It seems like there are two many strange functions. The case $\alpha=\beta=1$ is in fact worse than Cauchy FE.

I am very sorry, but I made a typo on the RHS when copying. Now it should be correct...

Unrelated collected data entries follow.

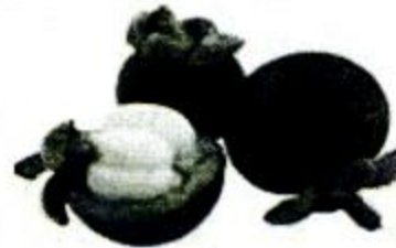
shānzhú 山竹 mangosteen
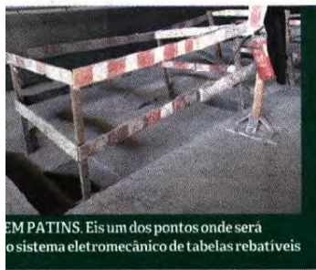
EM PATINS. Eis um dos pontos onde será o sistema eletromecânico de tabelas rebatíveis
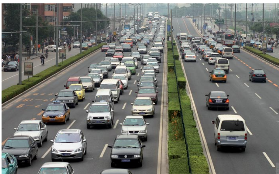
Figure 2 — Optimiser la circulation en anticipant les phénomènes météorologiques à fort impact potentiel: un facteur critique pour les autoroutes très fréquentées de Chine

Toutes les données de gestion et de sécurité routière provenant des stations de surveillance météorologique et les produits de prévision sont intégrés dans une base de données qui dessert le système de gestion, le système de communication d'informations météorologiques, ainsi qu'un certain nombre d'autres systèmes. Le suivi de l'analyse et de l'exploitation des données en temps réel, et l'affichage de ces données sur un même écran ou sur des écrans différents, par chronologie des événements, par station et/ou par conditions atmosphériques, sous forme de tableaux, de diagrammes et de produits
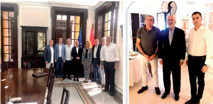
Figura 13: Reunión en la Sede de la Embajada de España en Cuba y encuentro con el embajador de España en el Hotel Le Petit Mistinguett.

Esta misión, al igual que todos los intercambios de esta nueva etapa tenía una doble vertiente. En primer lugar, la empresarial. Por ello, la delegación mantuvo diversas reuniones de trabajo en este ámbito. La primera tuvo lugar el 14 de enero de 2019 en la sede de la Embajada de España con la Ministra Consejera, Dña. Nuria Reigosa González, y con el Consejero Económico y Comercial, D. Federico Ferrer Delso. Se abordaron tres cuestiones. Por un lado se informó del grado de avance del Museo de la Emigración, tema que se comprometieron a poner en conocimiento del Ministerio de Cultura. Por otro, el interés de varias empresas de la provincia en abrir negocio en el país. Y finalmente, se abordó el problema del retraso de los pagos a aquellas empresas ya instaladas en la isla. Todas estas cuestiones serán puestas en conocimiento, días más tarde, de D. Juan Fernández Trigo, Embajador de España en la República de Cuba, que no pudo estar presente en el primer encuentro al encontrarse de visita institucional por el país.
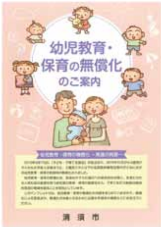
令和元年10月より 幼児教育無償化スタート
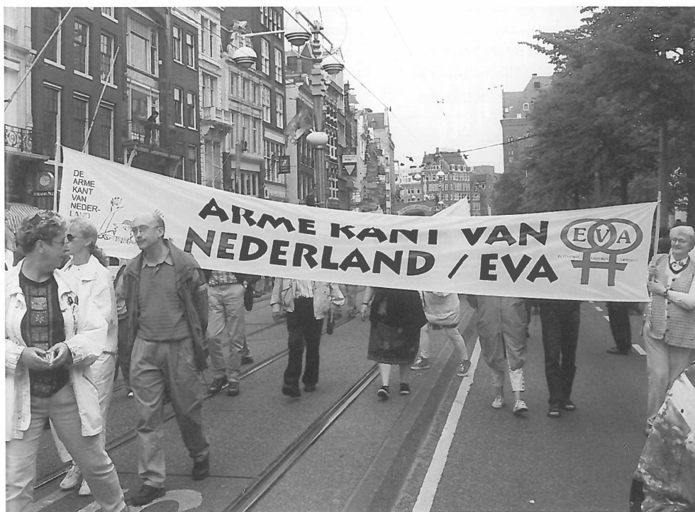
Protestmanifestatie 'De Arme Kant van Nederland'.
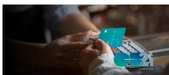
La lutte contre la fraude à la carte bancaire
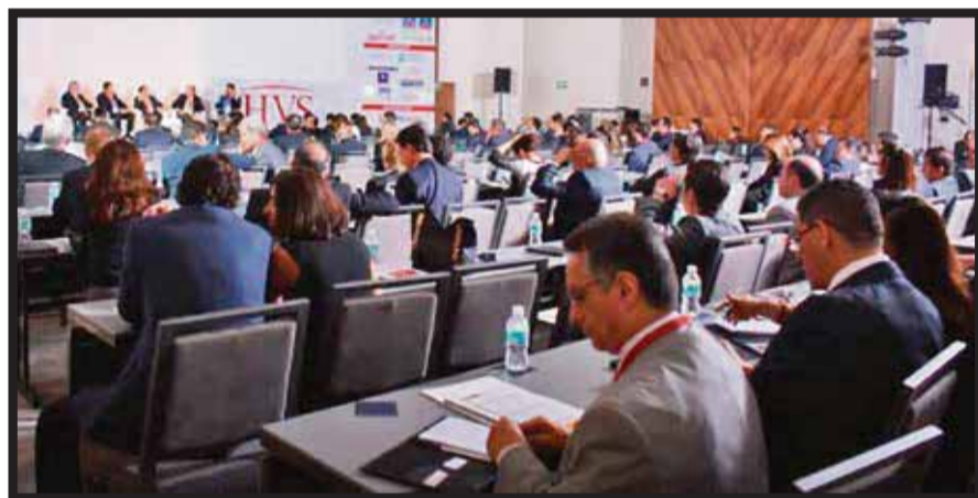
Durante MexHic 2015.
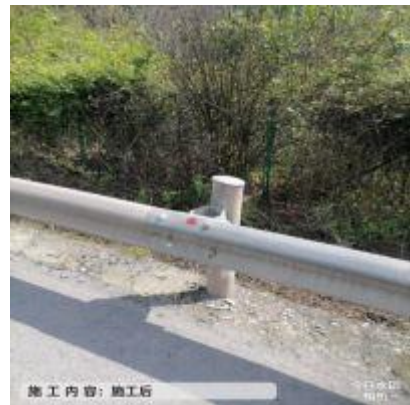
广巴段广巴向 K354+000-K350+000 补设螺栓螺帽
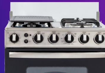
• Quemador triple llama
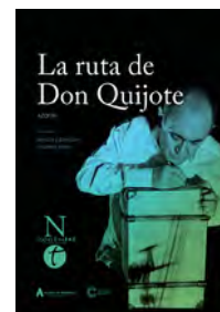
2016 La ruta de don Quijote
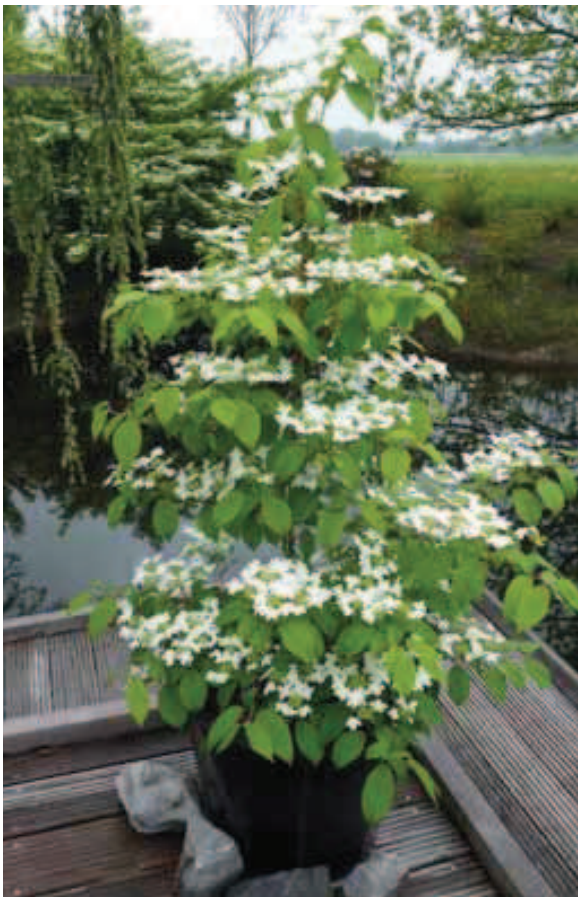
126. Viburnum plicatum 'JWW1' (KILIMANDJARO)

heeft als 'Smaragd'. Het loof is niet helder donkergroen, zoals bij 'Smaragd', maar helder groengeel. In het voorjaar is het jonge loof duidelijk geler. Het is een uniform groeiende (haag) conifeer die uit zichzelf goed vormt en een "rustige" gele loofkleur heeft.
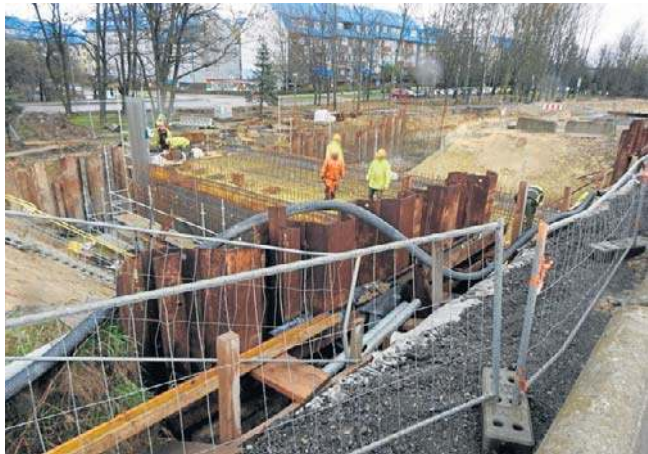
Przebudowa DK 94 w Olkuszu. Prace trwają na dużym odcinku, mają skończyć się we wrześniu

Zgodnie z informacjami inwestora obecnie postęp prac prezentuje się w następujący sposób: ● zaawansowanie finansowe - 59,43 proc. ● postęp robót, branża drogowa - 60,64 proc. ● postęp robót, branża konstrukcyjno-inżynierska - 32,75 proc. ● postęp robót, branża sanitarna - 78,10 proc.
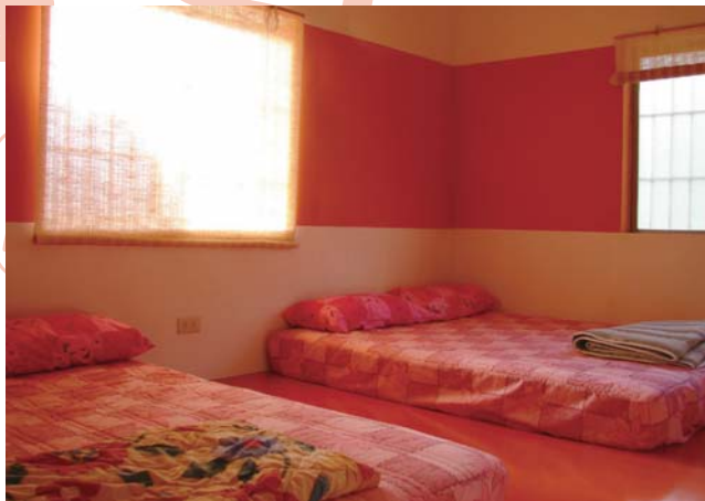
↑房間的色調溫暖柔和
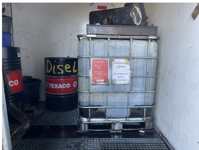
1 Opbevaring af farligt affald og andet flydende olie/kemikalie

Opbevaring af spildolie sker i en container indrettet med spildbakker (se billede 1).
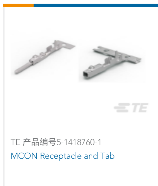
TE 产品编号 5-1418760-1 MCON Receptacle and Tab
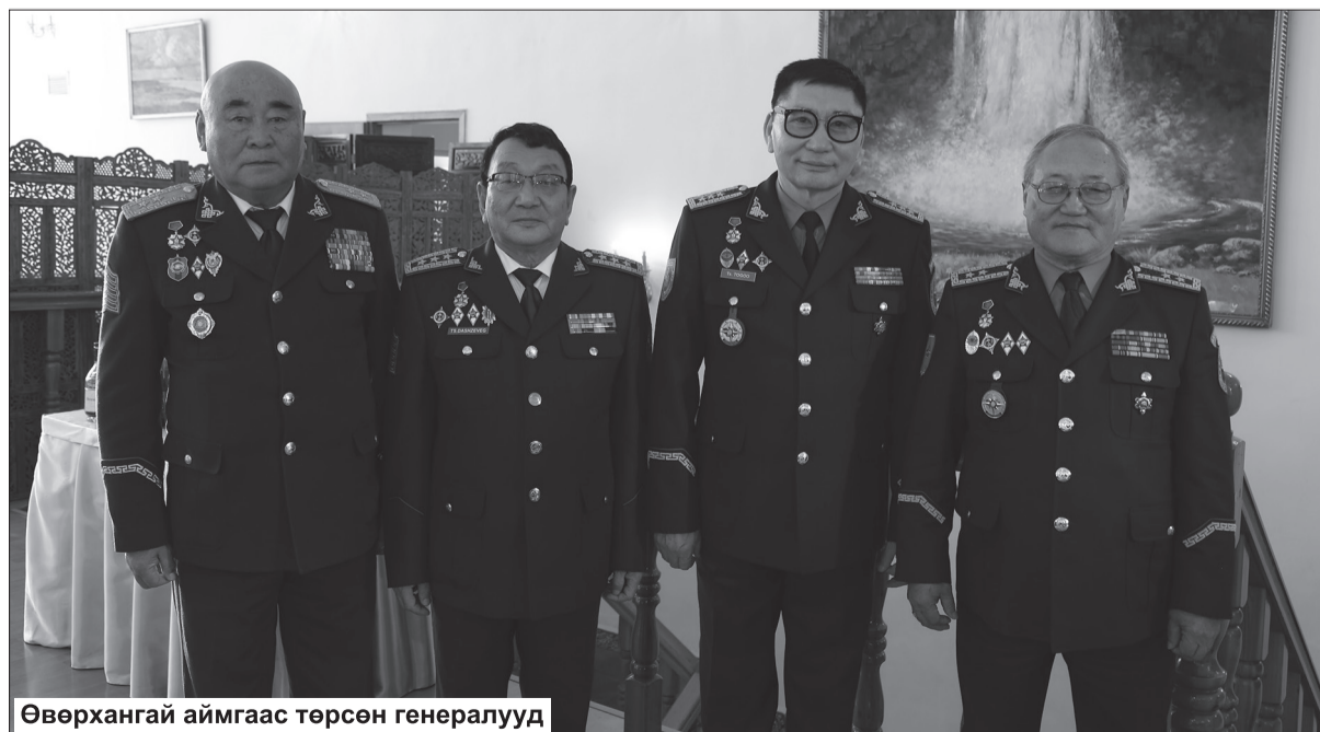
Өвөрхангай аймгаас төрсөн генералууд

газар төсөв байдаггүй. Тухайн үед 200 гаруй сая төгрөг болж байсан. Үүнийг нь бид Зэвсэгт хүчний урсгал зардлаа хойшлуулан байж шийдвэрлүүлж явах гарцаа гаргаж байлаа. Ингэж ажиллагаа
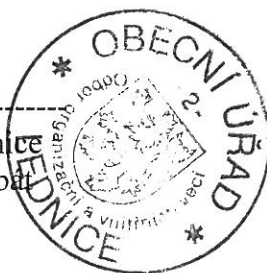
Obecní úřad Lednice RNDr. Libor Kabát

http://www.lednice.cz/sections/cs_section2/zpravodaj/zpravodaj-obce-lednice/zpravodaj-zari-2010/zpravodaj-lednice-zari-2010.pdf
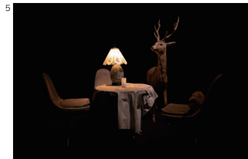
5 富安由真《漂泊する幻影》2021 KAAT 神奈川芸術劇場〈中スタジオ〉展示風景 ©Yuma Tomiyasu 撮影：西野正将
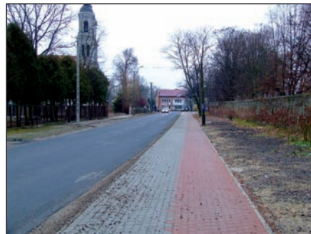
Ciąg pieszo-rowerowy w Szymanowie
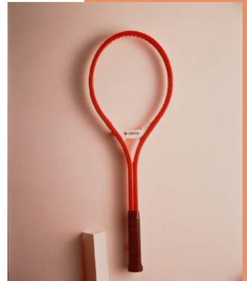
Raket Tenis YFG-30

Dengan meluncurkan tongkat golf komposit karbon pertama di dunia, Perusahaan memukau pasar dan menunjukkan tingkat kemampuan teknologinya. Selanjutnya dengan mengikuti teori desain dan kinerja biaya dengan tujuan mengembangkan produk unik untuk mengimbangi inovasi yang terus-menerus, produk Yamaha juga digunakan oleh pemain kelas dunia. Hal ini menghasilkan penampilan olahraga yang cemerlang dan Nippon Gakki membangun posisi yang kuat di bidang peralatan olahraga. (Majalah World Symphonia - No.19 June 2013)
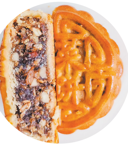
涪陵榨菜月饼即将上市。

两条石鱼栩栩如生，用金粉雕刻的字迹“白鹤梁水下博物馆”格外引人注目——记者看到，准备上市的榨菜月饼包装盒清新简约，巧妙融入了涪陵元素，透
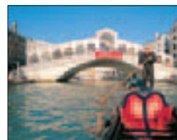
Le pont du Rialto, sur le Grand Canal
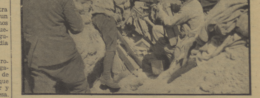
CASETAS DE QUICENA. — Desde esta avanzadilla nuestros camaradas atacan con fuego de fusil y ametralladoras a los facciosos

Mientras tanto, un crucero inglés está tranquilamente anclado en la parte exterior del puerto en posición de vigilancia. Dadas las circunstancias no parece estar lo más adecuado y quizá dentro de poco será ya imposible.
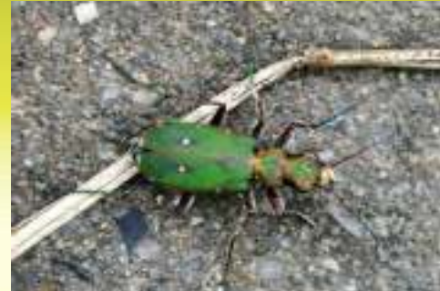
Скакун полевой – Cicindela campestris
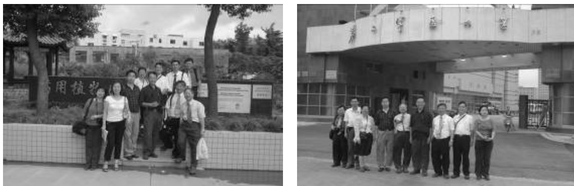
圖十二 上海第二軍醫大學

還要有適應部隊工作需要的體魄和過硬的思想素質。每年招生計畫可上網查悉或見我校每年招生簡章。地方新生入學後辦理參軍手續，在校學習期間享受供給制待遇，家庭享受軍屬待遇。畢業後統一分配到全軍教學、醫療、科研單位工作。
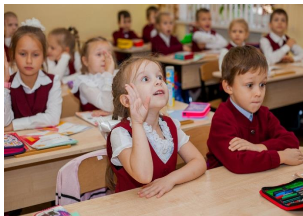
Открытый урок «Прощай Азбука» в 1Б классе
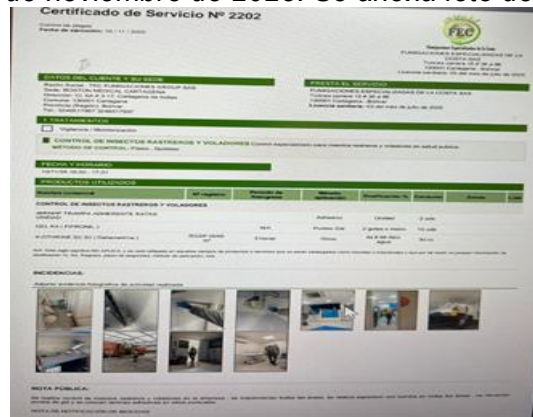
Figura 5. Certificado fumigación.

12. CONVACARE CLINICS CARTAGENA realiza fumigaciones con la empresa FUMIGACIONES ESPECIALES DE LA COSTA de manera trimestral. La última fumigación la realizaron el día 1o de noviembre de 2025. Se anexa foto de certificado.
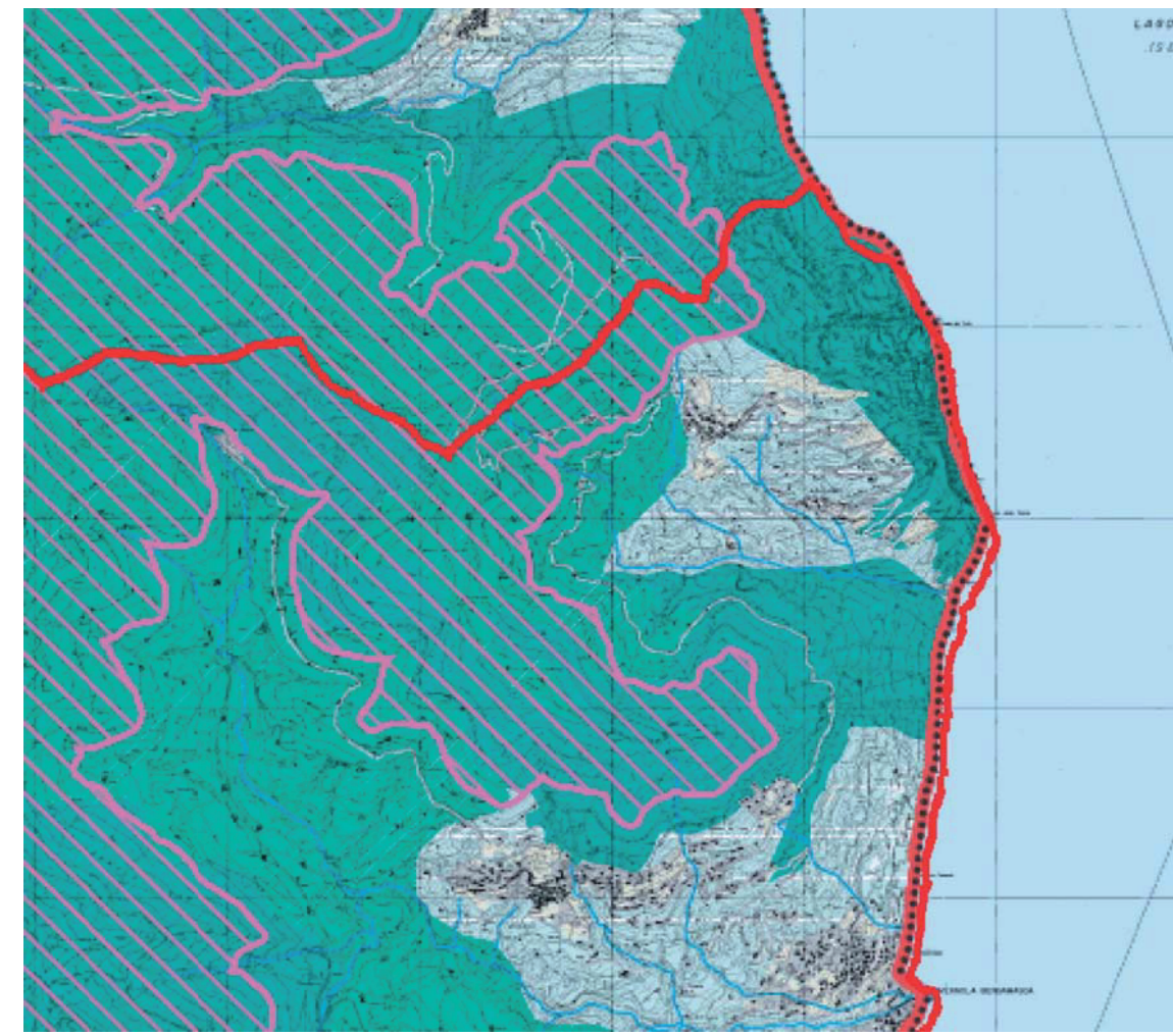
E2_2.2.m tutela, riqualificazione e valorizzazione ambientale e paesistica del territorio scala 1:25000

$f(x)$ is bijective because can take any value and $f(x_1)=f(x_2) \to f(\alpha f(x_1)+f(y))=f(\alpha f(x_2)+f(y)) \to x_1=x_2$ $x=0: f(\alpha f(0)+f(y))=f(y) \to f(y)=y+c$ where $c=-\alpha f(0)$ is some const $f( \alpha f(x)+f(y))= \alpha x+y+ (\alpha +2)c = \beta x+ y+c$ so if $ \alpha \neq \beta$ then there are no solutions If $ \alpha = \beta = -1$ then $f(x)=x+c$ is solution for any $c$ If $\alpha = \beta \neq -1$ then $f(x)=x$ is solution

made mistake

Let $P(x,y)$ the assertion of the given F.E. As $\beta \ne 0$ we trivially have that $f$ is bijective (also note that $\alpha \ne 0$), therefore we have: $$f(\alpha f(x)+y)=\beta x+y \; \forall x,y \in \mathbb R$$Apply symetry and injectivity on this to $P(x, \beta y)$ we get $\alpha f(x)-\beta x=c$ therefore $f(x)=\frac{\beta x+c}{\alpha}$ so we must have $$f(\beta x+y+c)=\beta x+y \implies \beta^2 x+\beta y + \beta c + c=\alpha \beta x+\alpha y$$Now notice that by $x=y=0$ we get $c=0$ or $\beta=-1$, if $c=0$ then $\beta=\alpha$ and thus $f(x)=x$ which works, if $\beta=-1$ then we also have $\beta=\alpha=-1$ in which case $f(x)=x-c$ for any $c$ real which works as well, thus we are done .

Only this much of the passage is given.